Each database type comes with tradeoffs that are optimized for their use cases. Since time series data comes in time order and is typically collected in real-time, time series databases are immutable and append-only to accomodate for extremely high volumes of data. The append-only property of time series databases distinguishes time series databases from relational databases, which are optimized for transactions but only accommodate lower ingest volumes. In general, depending on their particular use case, noSQL databases will trade off the ACID principles for BASE model (whose principles are Basic Availability, Soft State and Eventual Consistency). For example, one individual point in a time series is fairly useless in isolation, and the important thing is the trend in aggregate.
One of the barriers to choosing a noSQL database is the difficulty of learning a non-SQL query language and performing complex data transformations. Fortunately, InfluxDB has Flux lang — an easy-to-learn, standalone data scripting and query language that increases productivity and code reuse. Users can easily perform data transformation and apply complicated math with intuitive syntax.
For example, to query our data,
“my_data”, from our bucket,
“my_bucket”, while specifying a measurement,
“my_measurement” for the last 7 days, we would use the following Flux query:
from(bucket: "my-bucket") |> range(start: v.timeRangeStart, stop: v.timeRangeStop) |> filter(fn: (r) => r["_measurement"] == "my_measurement") |> filter(fn: (r) => r["_field"] == "my_data")
Flux enables users to interact with time series in a table format, giving InfluxDB a relational feel. With Flux, users can perform cross-measurement joins, pivots, maps, and math across measurements. InfluxDB Templates and user defined Flux packages make the barrier to Flux adoption extremely low.
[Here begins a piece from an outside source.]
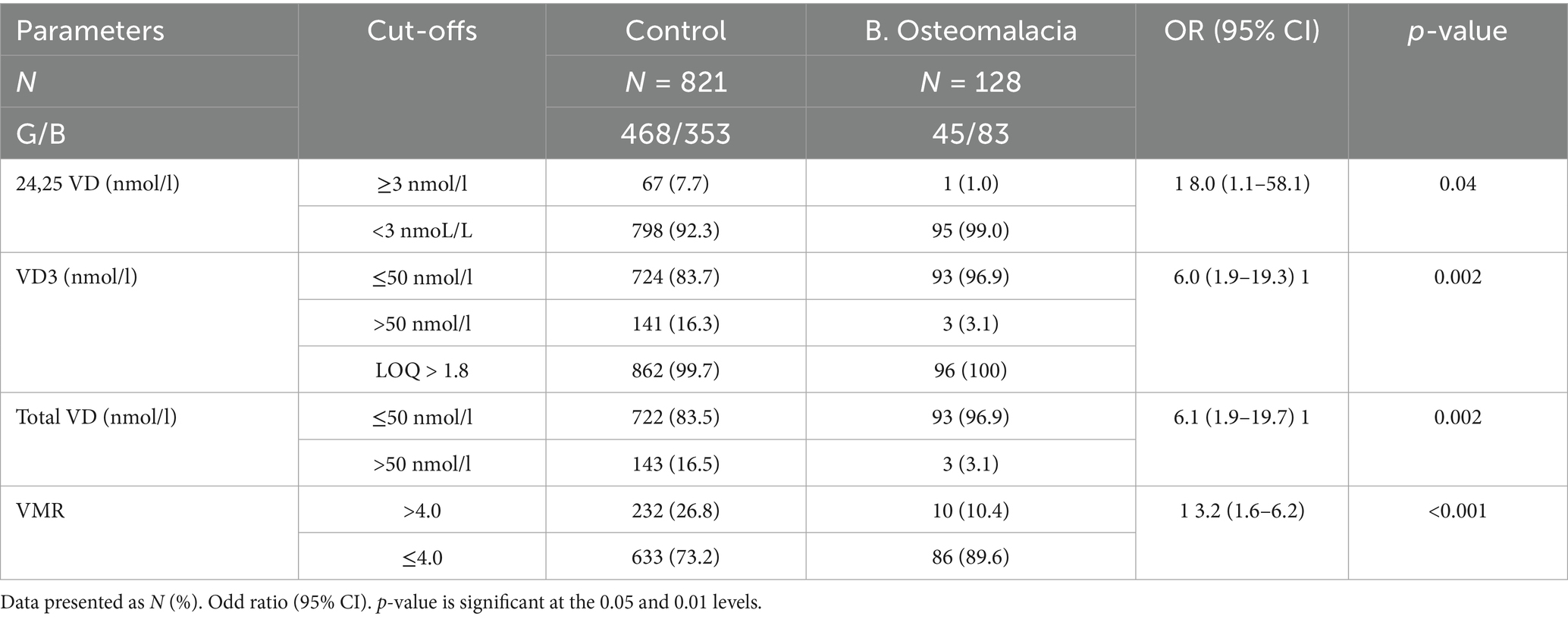 Measurement of circulating vitamin D metabolites was carried out at the Department of Clinical Chemistry, CIRM, University of Liège, Belgium. Serum total VD, VD2, VD3 and 24,25 VD were quantified using a validated liquid chromatography–tandem mass spectrometry (LC–MS/MS) method certified by the Centres for Disease Control and Prevention (CDC) (11). The vitamin D metabolite ratio (VMR) was calculated as: VMR = [24,25 VD/VD] × 100. For this study, deficiency thresholds were defined as total VD < 50 nmol/L (16), 24,25 VD < 3.0 nmol/L, VD2 limit of quantification (LOQ) < 1.8 nmol/L, and VMR < 4%, based on established cut-offs (11). A different cut-off for low total VD was used for the operational definition of biochemical osteomalacia.

InfluxDB Templates prepackage configurations that contain everything from Flux queries, to dashboards and Telegraf configurations, to notifications and alerts — thereby enabling users to use Flux before they even know how to write it. User defined Flux packages allow users to write and share custom-functions that wrap up complicated Flux scripts. Flux provides a powerful way for working with data. Here’s where you can learn more about why InfluxData is building Flux.
Even though data structures vary between noSQL and SQL databases, almost all of the above query should feel intuitive to the SQL developer, except for maybe the bucket. A bucket is where time series data is stored. All buckets have retention policies. A retention policy describes how long InfluxDB keeps data. InfluxDB compares your local server’s timestamp to the timestamps on your data and deletes data that is older. Automatically expiring and downsampling old data is critical for time series use cases because of the high-volume nature of time series problems. However, creating and enabling these recurring tasks are challenging in a SQL environment.
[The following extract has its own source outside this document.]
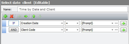 Selecting {Prompt} lets you manually enter criteria when the filter is used. For example, if you select 'Creation Date' and {Prompt}, you have the opportunity to enter the date when using the filter, as opposed to using the ellipses button to select a set date that cannot be changed.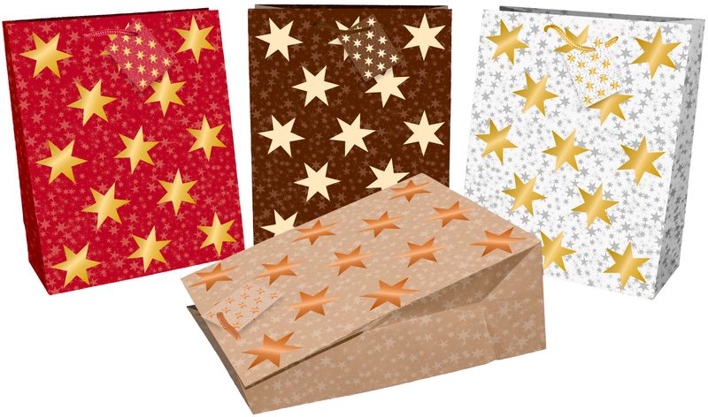4 weihnachtliche Geschenktüten mit goldenen Sternen 33x26cm

Specifically, SQL developers would need to write code to shard the data across the cluster, aggregate and downsampling functions, data eviction and lifecycle management, and summarization. They’d also have to create an API to write and query their new service. Furthermore, developers using Cassandra or HBase will need to write tools for data collection. They’ll need to introduce a real-time processing system and write code for monitoring and alerting. Finally, they’ll need to write a visualization engine to display the time series data to the user. All of these functionalities are already provided with InfluxDB.